─── Supplied information

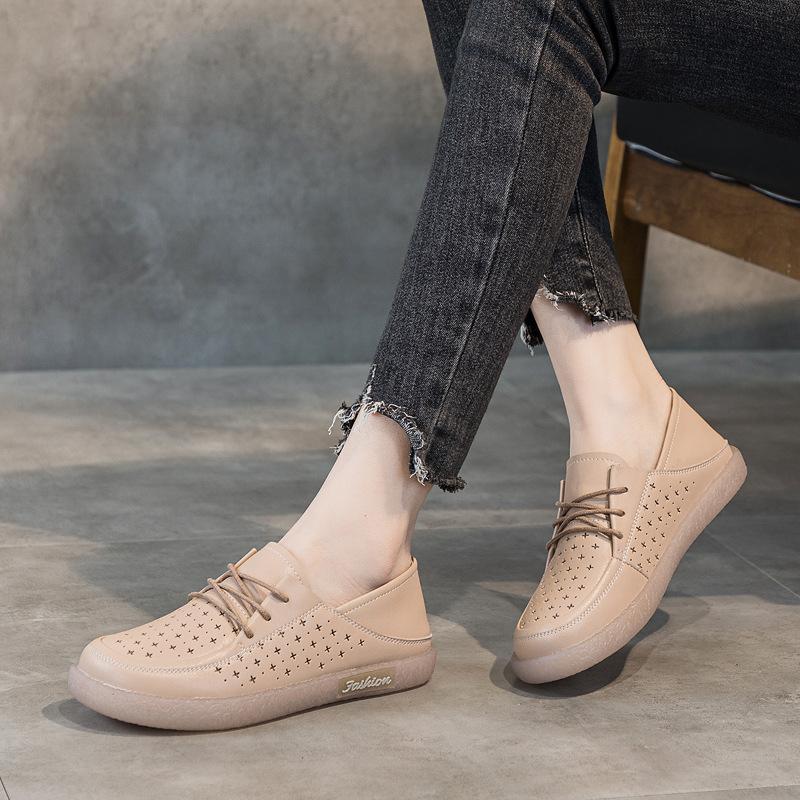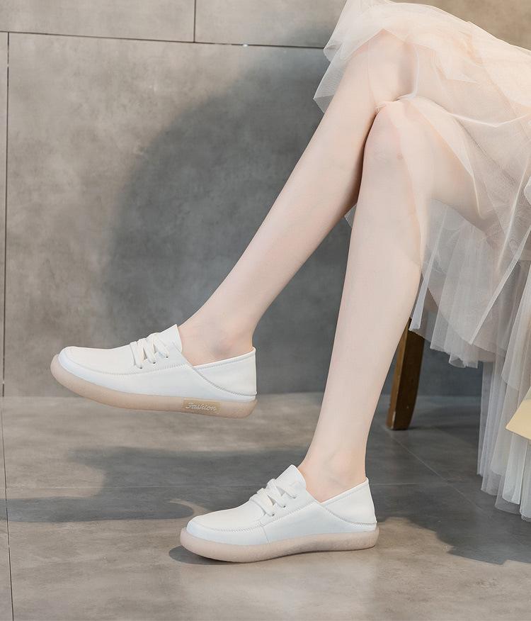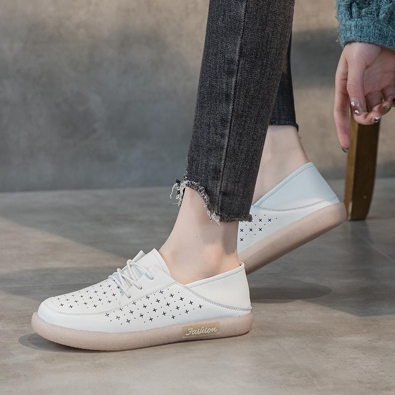 Zapatos Blancos 2025 Verano para Mujer Nuevo Estilo Color Sólido Superficie Suave Suela Blanda Mocasines Británicos para Mujer Zapatos Planos Zapatos de Enfermera Talla Grande
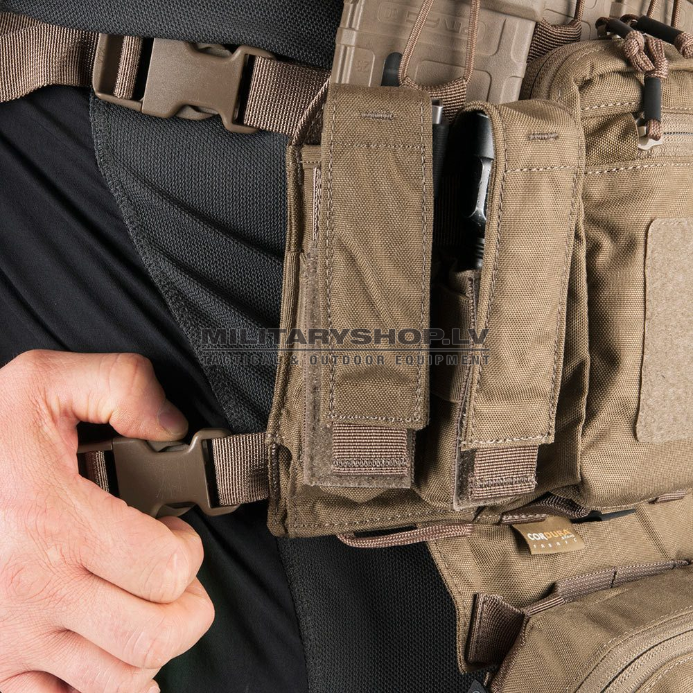 • Four fixed pockets with detachable flaps for pistol magazines, multitools and flashlights
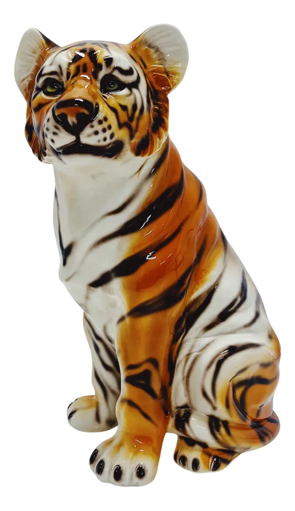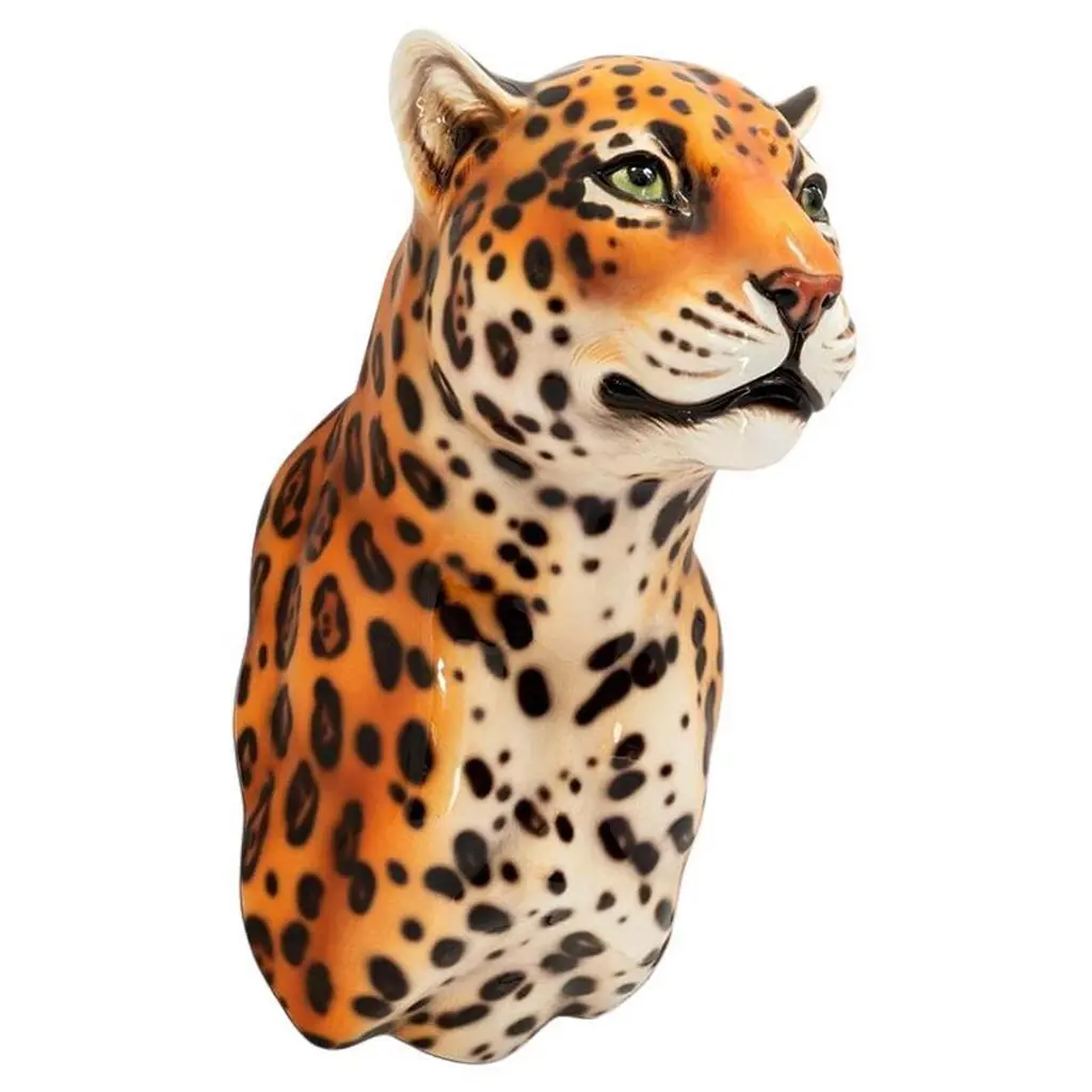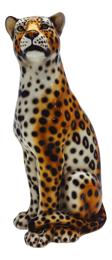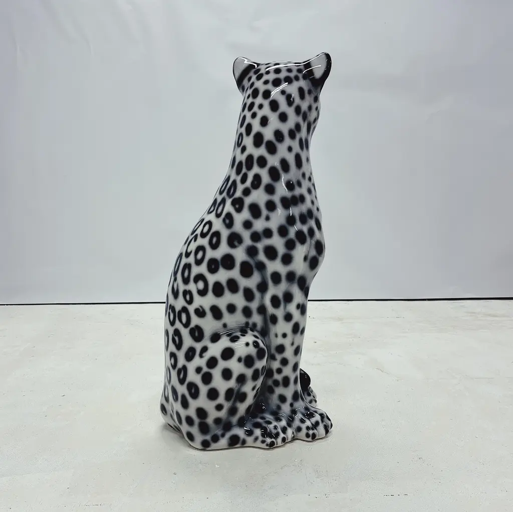 Unique handmade statue of a snow leopard. This Hollywood Regency statue, crafted from hand-painted ceramic and made in Italy, will undoubtedly add a stunning and sturdy look to your interior! All statues come directly from a family business in Northern Italy that has specialized in high-quality ceramic statues since 1985. Everything is made by hand, making each image unique. There are different types and sizes available, and customization is also possible. Dimensions Height: 89cm Width: 33cm Depth: 42cm Stamped by Maker

──────

• Assignment
Every line of the data above is to be repeated exactly; the images are to be left out.

• Written reply
 Zapatos Blancos 2025 Verano para Mujer Nuevo Estilo Color Sólido Superficie Suave Suela Blanda Mocasines Británicos para Mujer Zapatos Planos Zapatos de Enfermera Talla Grande
 • Four fixed pockets with detachable flaps for pistol magazines, multitools and flashlights
 Unique handmade statue of a snow leopard. This Hollywood Regency statue, crafted from hand-painted ceramic and made in Italy, will undoubtedly add a stunning and sturdy look to your interior! All statues come directly from a family business in Northern Italy that has specialized in high-quality ceramic statues since 1985. Everything is made by hand, making each image unique. There are different types and sizes available, and customization is also possible. Dimensions Height: 89cm Width: 33cm Depth: 42cm Stamped by Maker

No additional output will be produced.